[Work to complete] Print exactly the lines that run from the opening line of the material through the line with "Kocher-Spülen Kombination mit", and nothing else, leaving out pictures.

*** Opening Dataset extract ***

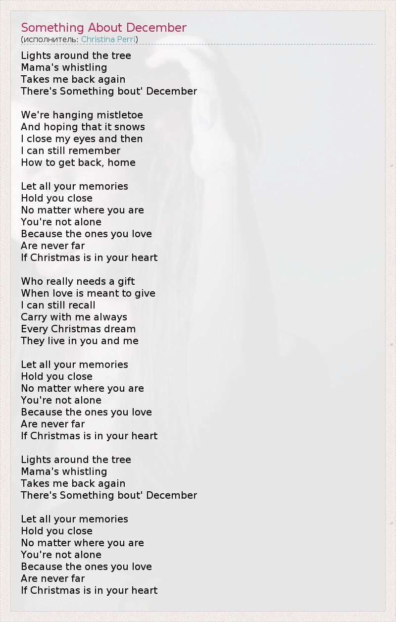Lights around the tree Mama's whistling Takes me back again There's Something bout' December We're hanging mistletoe And hoping that it snows I close my eyes and then I can still remember How to get back, home Let all your memories Hold you close No matter where you are You're not alone Because the ones you love Are never far If Christmas is in your heart Who really needs a gift When love is meant to give I can still recall Carry with me always Every Christmas dream They live in you and me Let all your memories Hold you close No matter where you are You're not alone Because the ones you love Are never far If Christmas is in your heart Lights around the tree Mama's whistling Takes me back again There's Something bout' December Let all your memories Hold you close No matter where you are You're not alone Because the ones you love Are never far If Christmas is in your heart
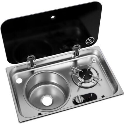 Kocher-Spülen Kombination mit integrierter Spüle auf der linken Seite 1-flammig mit Zündsicherung und Piezo-Zündung Mit Glasabdeckung Ideale Lösung für Campingbusse und Vans Technische Daten: Anzahl Brenner: 1 Leistung: 1.8 kW Gasdruck: 30 mbar Verbrauch Gas g/h: 131 g/h Zündung: Piezo Zündsicherung: Ja Einbaumaß Tiefe: 305 mm Einbaumaß Breite: 508 mm Tiefe: 326 mm Breite: 526 mm Höhe: 163 mm Gewicht: 7 kg Farbe: Schwarz/Silber Material: Edelstahl Position Bedienelemente: Unten Position Spüle: Links…
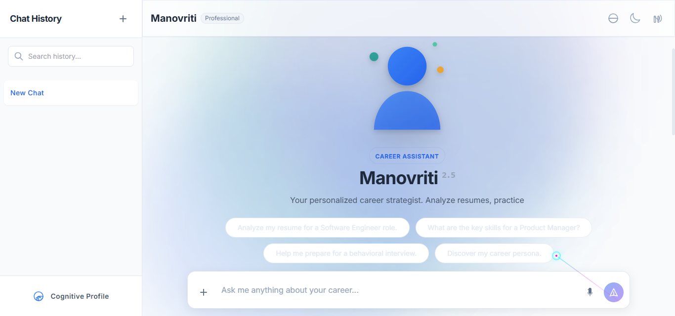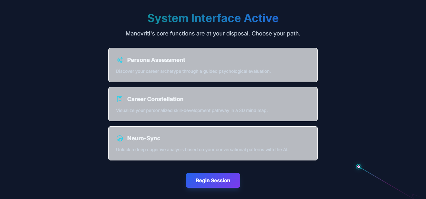 Manovriti is a modern AI-based career counseling platform designed to help students make smarter and more confident career decisions. The app uses artificial intelligence to analyze a student’s interests, talents, academic performance, and preferences to suggest personalized career options. Students can explore detailed career paths, required skills, future scope, salaries, and study plans—all in one place. The in-built AI chatbot answers questions instantly and provides step-by-step guidance, while the clean and interactive interface makes the process enjoyable and easy. Manovriti empowers students who lack access to expert counselors by giving them reliable, accurate, and tailored career advice anytime, anywhere. With Manovriti, choosing the right career becomes simple, clear, and stress-free.

*** Closing Dataset extract ***

[Answer area]
Lights around the tree Mama's whistling Takes me back again There's Something bout' December We're hanging mistletoe And hoping that it snows I close my eyes and then I can still remember How to get back, home Let all your memories Hold you close No matter where you are You're not alone Because the ones you love Are never far If Christmas is in your heart Who really needs a gift When love is meant to give I can still recall Carry with me always Every Christmas dream They live in you and me Let all your memories Hold you close No matter where you are You're not alone Because the ones you love Are never far If Christmas is in your heart Lights around the tree Mama's whistling Takes me back again There's Something bout' December Let all your memories Hold you close No matter where you are You're not alone Because the ones you love Are never far If Christmas is in your heart
 Kocher-Spülen Kombination mit integrierter Spüle auf der linken Seite 1-flammig mit Zündsicherung und Piezo-Zündung Mit Glasabdeckung Ideale Lösung für Campingbusse und Vans Technische Daten: Anzahl Brenner: 1 Leistung: 1.8 kW Gasdruck: 30 mbar Verbrauch Gas g/h: 131 g/h Zündung: Piezo Zündsicherung: Ja Einbaumaß Tiefe: 305 mm Einbaumaß Breite: 508 mm Tiefe: 326 mm Breite: 526 mm Höhe: 163 mm Gewicht: 7 kg Farbe: Schwarz/Silber Material: Edelstahl Position Bedienelemente: Unten Position Spüle: Links…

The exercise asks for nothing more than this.